Output each record below exactly, leaving any picture out of the copy.

### GIVEN DATA
□ □ □ □ □
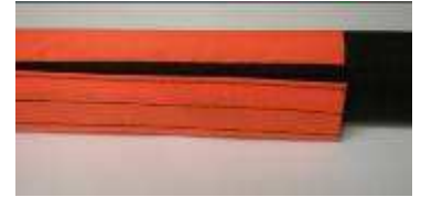
Coated side on Left—Uncoated on Right
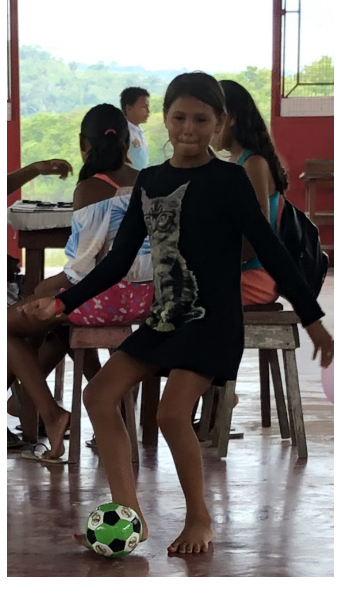
Marvel not that I said unto thee, Ye must be born again. John 3:7
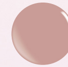
Pale Pink 4012208
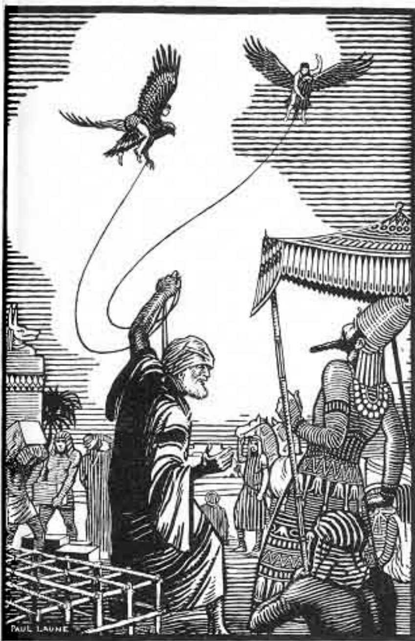
AHIKAR ANSWERS PHARAOH'S RIDDLE
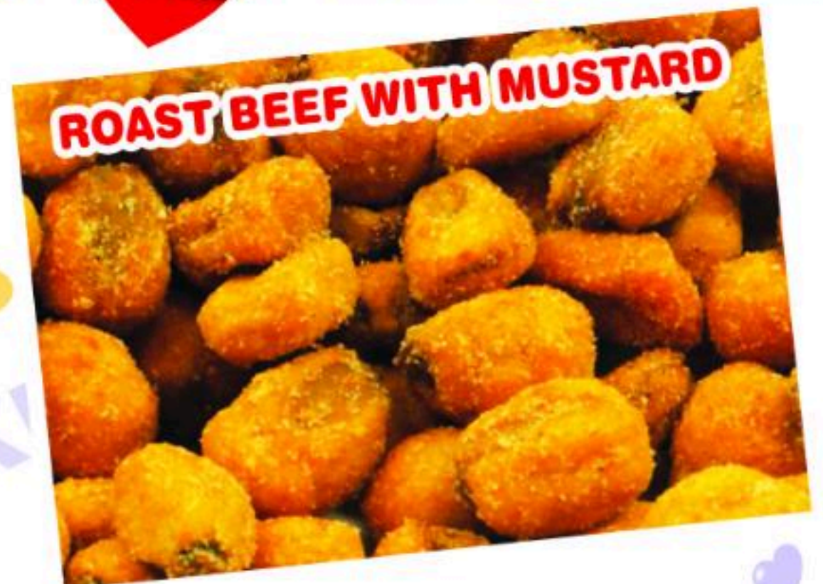
ROAST BEEF WITH MUSTARD
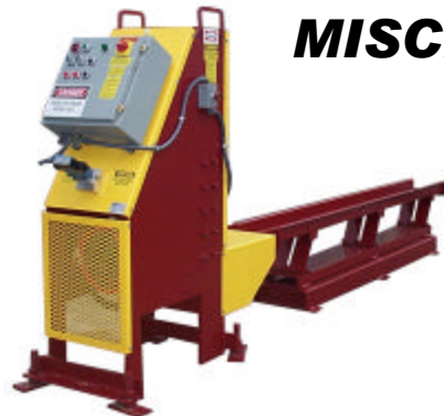
SCRAP SHEAR SYSTEM
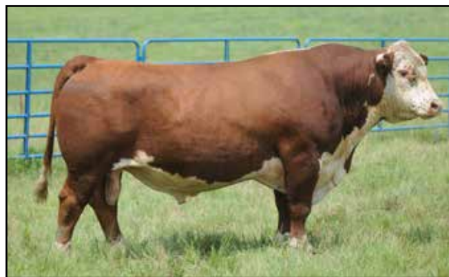
EFBEEF C609 RESOLUTE E158ET SIRE OF LOT 26
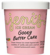
Goopy Butter Cake
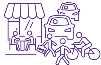
A new local shared zone between Bowes and Bradley streets
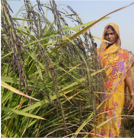
Kalanamak KN3 (Tall)
□ □ □ □ □
### SOLUTION TO THE EXERCISE
Coated side on Left—Uncoated on Right
Marvel not that I said unto thee, Ye must be born again. John 3:7
Pale Pink 4012208
AHIKAR ANSWERS PHARAOH'S RIDDLE
ROAST BEEF WITH MUSTARD
SCRAP SHEAR SYSTEM
EFBEEF C609 RESOLUTE E158ET SIRE OF LOT 26
Goopy Butter Cake
A new local shared zone between Bowes and Bradley streets
Kalanamak KN3 (Tall)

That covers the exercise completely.